(Records from a data source)

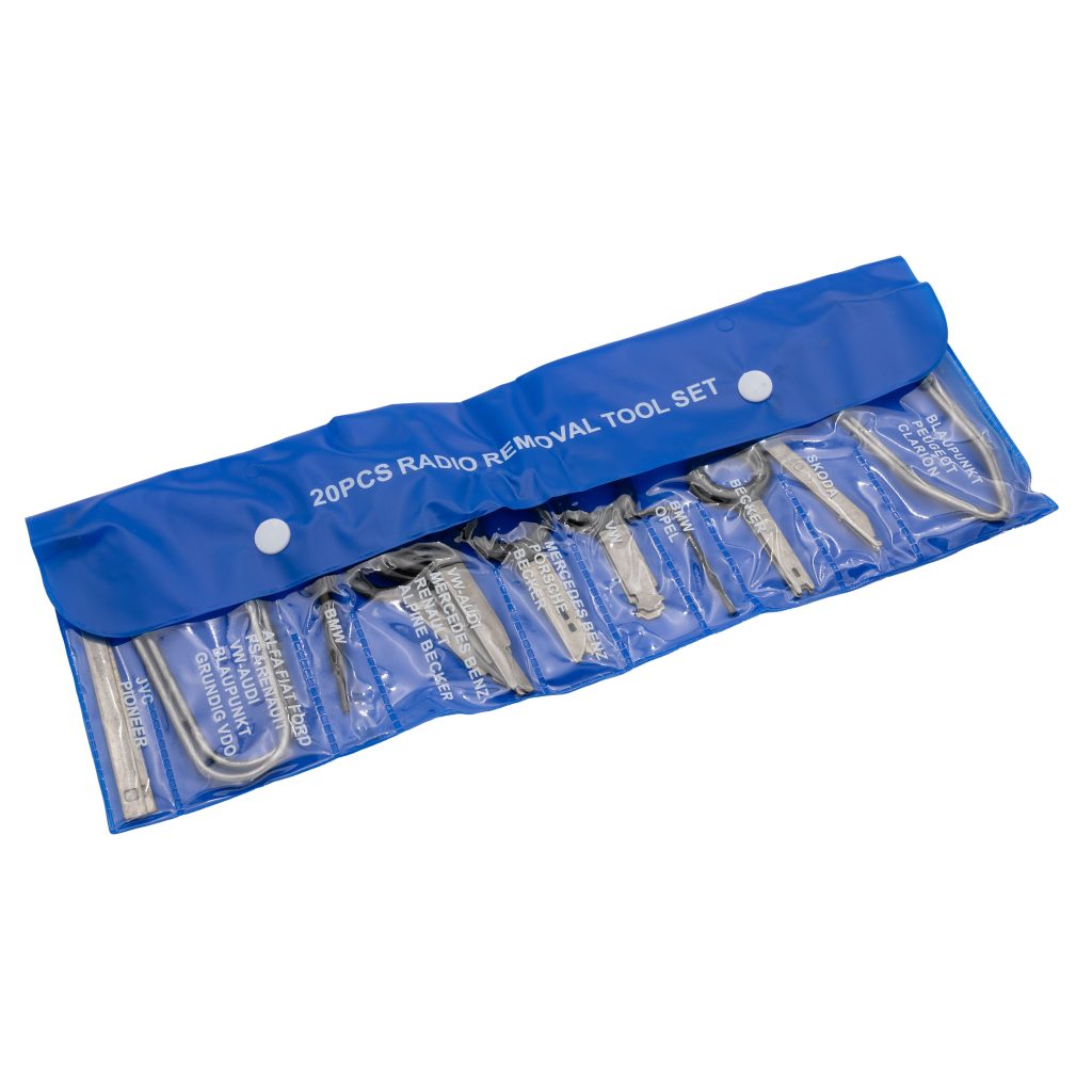Комплектът включва набор от ключове и куки за сваляне на радиа, всеки от които е специално проектиран да пасва на различни типове отвори за радиа или механизми за освобождаване. Тези инструменти ви позволяват да освободите клиповете или заключващите механизми, които държат радиото на място, без да повредите таблото или околната облицовка.
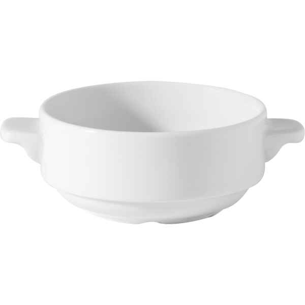 The Titan Lugged Soup Bowl is expertly crafted from fully vitrified porcelain, guaranteeing outstanding strength and longevity to withstand daily use. The timeless design provides versatility for a wide range of dining occasions, while the integrated handles ensure secure handling for staff and guests alike. Each bowl boasts a 10oz (28cl) capacity, perfectly sized for serving generous portions of soup or delectable starters. This pack contains six individual bowls, offering excellent value and convenience.
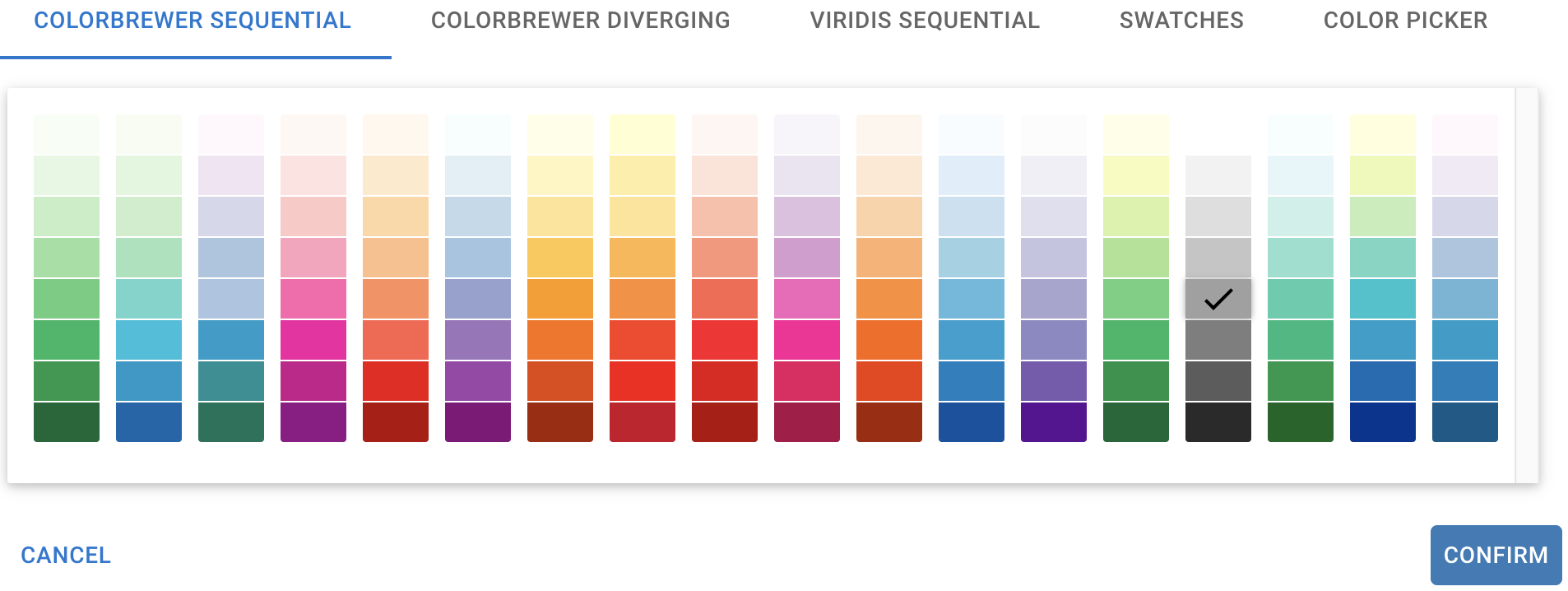 Click a light grey color tile in a color palette. Click CONFIRM.
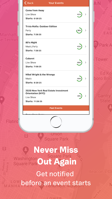 मशीन लर्निंग द्वारा संचालित हमारी व्यक्तिगत अनुशंसा प्रणाली का उपयोग करके कभी भी सही घटना को याद न करें। हमारे पास हजारों अपडेट की गई दैनिक घटनाओं की एक क्यूरेट सूची है जो सीधे आपके डिवाइस को प्रदान की जाती हैं।
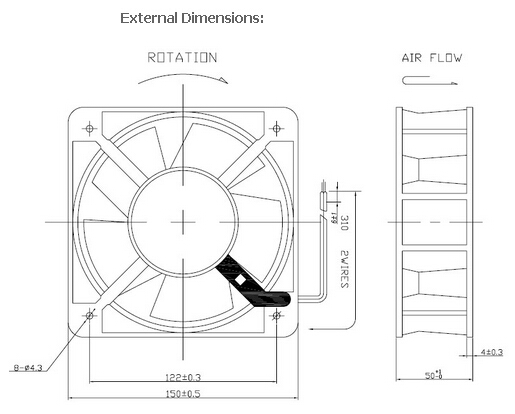| विशिष्टता: एसी अक्षीय फैन 150mm * 150 * 50mm | ||||||||||
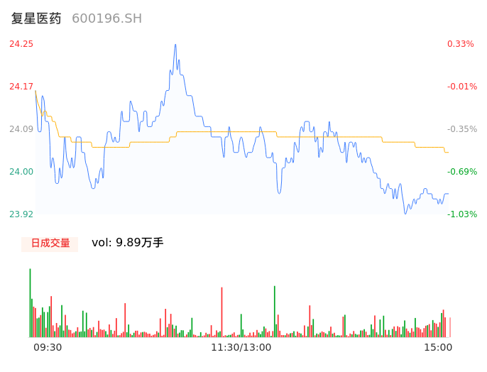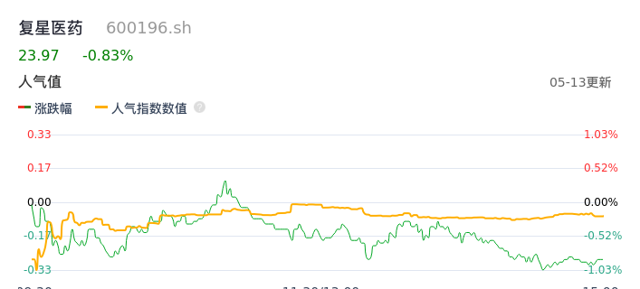 05月13日,复星医药收报23.97,股价涨幅-0.83%,成交金额2.38亿元,换手率0.47%。
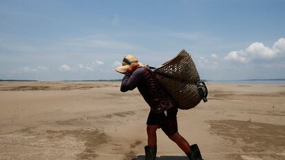 A medida que se prolonga la sequía en el Amazonas, las comunidades indígenas a la orilla del río Negro en Manaos recorren la playa durante horas para lograr obtener uno de los paquetes de ayuda enviados por el Gobierno de Brasil. El río se encuentra en su nivel más bajo desde que se empezaron a tomar registros, hace 121 años.
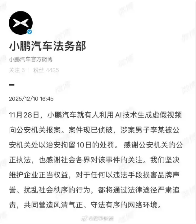 11月28日,小鹏汽车就有人利用AI技术生成虚假视频向公安机关报案。案件现已侦破,涉案男子李某被公安机关处以治安拘留10日的处罚。感谢公安机关的公正执法,也感谢社会各界对该事件的关注。我们坚决维护企业正当权益,对于任何以违法手段损害品牌声誉、扰乱社会秩序的行为,都将通过法律途径严肃追责,共同营造风清气正、守法有序的网络环境。
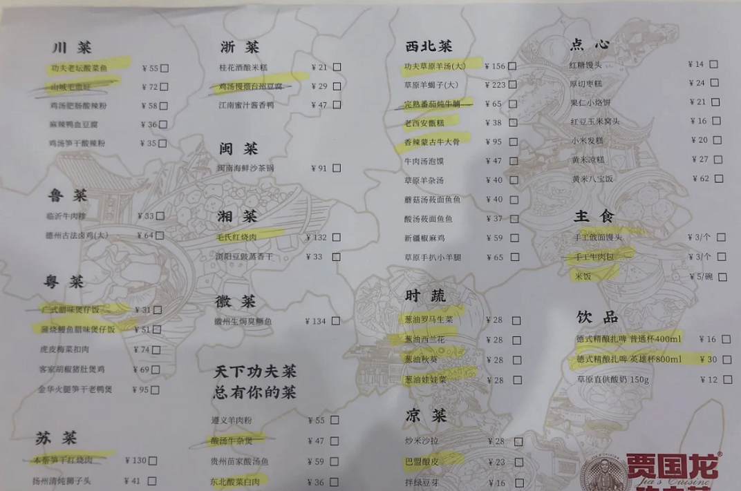 贾国龙功夫菜菜单 来源:网络
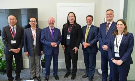 數位發展部唐鳳部長率團出訪英國,於當地時間12日拜會英國商業貿易部(Department for Business and Trade, DBT),與何德森 (Nigel Huddleston)副部長分享兩國推動數位發展的理念,盼能創造更多深入交流的機會。唐部長同日亦參加倫敦科技週(London Tech Week)全球領袖創新論壇(Global Leaders Innovation Summit),與多國貴賓分享臺灣經驗,如「數位領域就業金卡」與「臺灣雲市集」等政策。
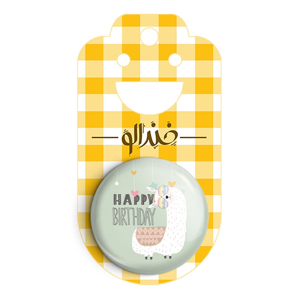 پیکسل 44 میلی متری تولد خندالو با روکش سلفون حرارتی مات مخملی ضدخش و قطعه پشتی رنگی تولید شده است.پلاستیکی پشت پیکسل با سوزن یک تکه ثابت و بدون لغزش و جا به جایی، ایستایی بسیار بهتری نسبت به پشتی فلزی پیکسل دارند که این مهم در تولید این محصول نیز رعایت شده است.

DIRECTIONS: Every line above from the one with "11月28日,小鹏汽车就有人" down to the one with "數位發展部唐鳳部長率團出訪英國,於當地時間12日拜會英國商業貿易部(Department for Business" must be written out exactly, and no picture may appear.

WORKED SOLUTION:
 11月28日,小鹏汽车就有人利用AI技术生成虚假视频向公安机关报案。案件现已侦破,涉案男子李某被公安机关处以治安拘留10日的处罚。感谢公安机关的公正执法,也感谢社会各界对该事件的关注。我们坚决维护企业正当权益,对于任何以违法手段损害品牌声誉、扰乱社会秩序的行为,都将通过法律途径严肃追责,共同营造风清气正、守法有序的网络环境。
 贾国龙功夫菜菜单 来源:网络
 數位發展部唐鳳部長率團出訪英國,於當地時間12日拜會英國商業貿易部(Department for Business and Trade, DBT),與何德森 (Nigel Huddleston)副部長分享兩國推動數位發展的理念,盼能創造更多深入交流的機會。唐部長同日亦參加倫敦科技週(London Tech Week)全球領袖創新論壇(Global Leaders Innovation Summit),與多國貴賓分享臺灣經驗,如「數位領域就業金卡」與「臺灣雲市集」等政策。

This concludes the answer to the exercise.